El qué ya no es de los periodistas

La estructura básica del periodismo ha quedado obsoleta

Storybakers:

Hoy es día de Story Baker Daily con Mario Vidal, Head of Innovation de El Español. Con él hablaremos sobre el modo en que se puede agregar valor a suscriptores más allá de la información que se genera día con día. Una sesión muy útil para todos los que piensan implantar un muro de pago, para los que ya lo tienen o para los que simplemente quieren dominar una de las tantas formas de monetización que hoy puede contemplar un medio.

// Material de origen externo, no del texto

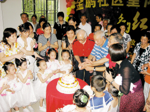 羅湖區(qū)福利中心目前生活著260位孤寡老人,其中有4位百歲老人,他們在這里受到了很好的照顧,生活十分幸福。區(qū)領(lǐng)導(dǎo)給老人們送上鮮花、慰問金和慰問品,并叮囑工作人員一定要照顧好,要把老人當作自己的父母來對待。80歲的彭輝霞老人情不自禁地唱起了《沒有共產(chǎn)黨,就沒有新中國》,贏得了在場人員熱烈掌聲。
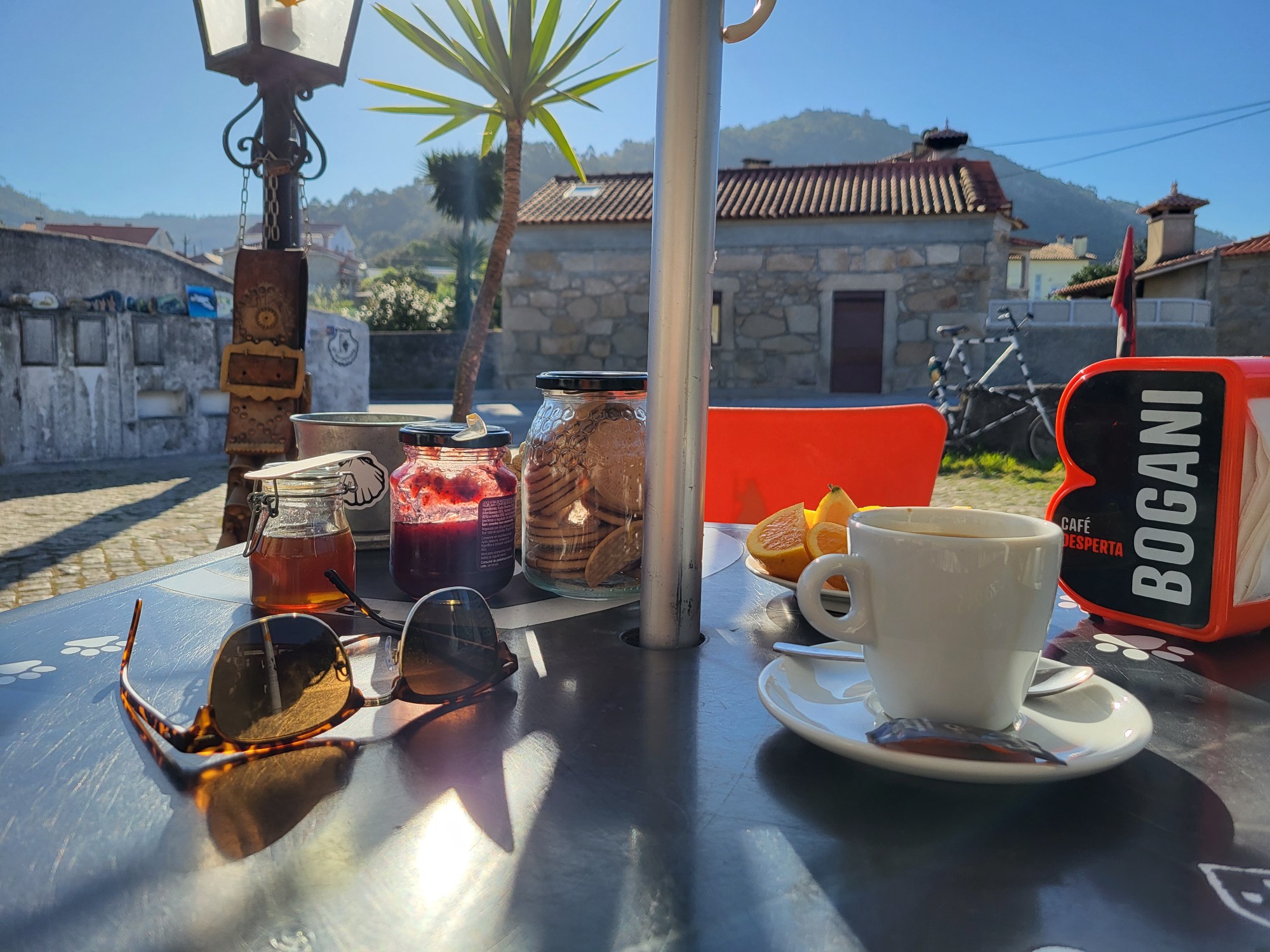 I took the bait and left the Way. I carefully counted the steps (one of my strides is roughly equal to 1 meter) to prove the theory above. This walk should be 100 strides. It was 119, not too bad. And the Café Lampião appeared to be open. A double win.
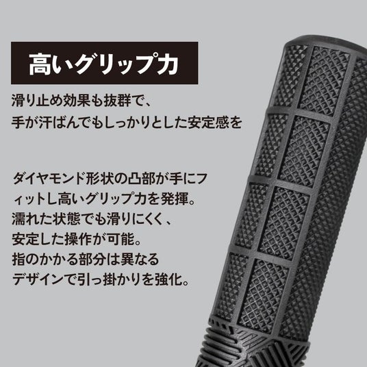 ベース部分にはダイヤモンドカットパターンを採用し、優れたグリップ力を発揮します。

Directorio de Periodistas Clubhouse


Se entiende que el proceso no esté siendo sencillo. El periodista ha de tomar el corazón de lo que le dijeron que era una noticia para tirarlo a la basura dado que hoy la estructura de las 5Ws se ha hecho tan elemental que para diferenciarse no queda más que 1W, lo explico a continuación:

1) What: el qué se ha democratizado. Alexandra Ocassio-Cortez revela el qué a través de Instagram Live. Elon Musk obtiene el qué del CEO de Robinhood. Un futbolista entrevista a otro futbolista y termina descubriendo el qué. Un ciudadano cualquiera con su teléfono capta videos de una balacera y se convierte en el qué más poderoso del momento.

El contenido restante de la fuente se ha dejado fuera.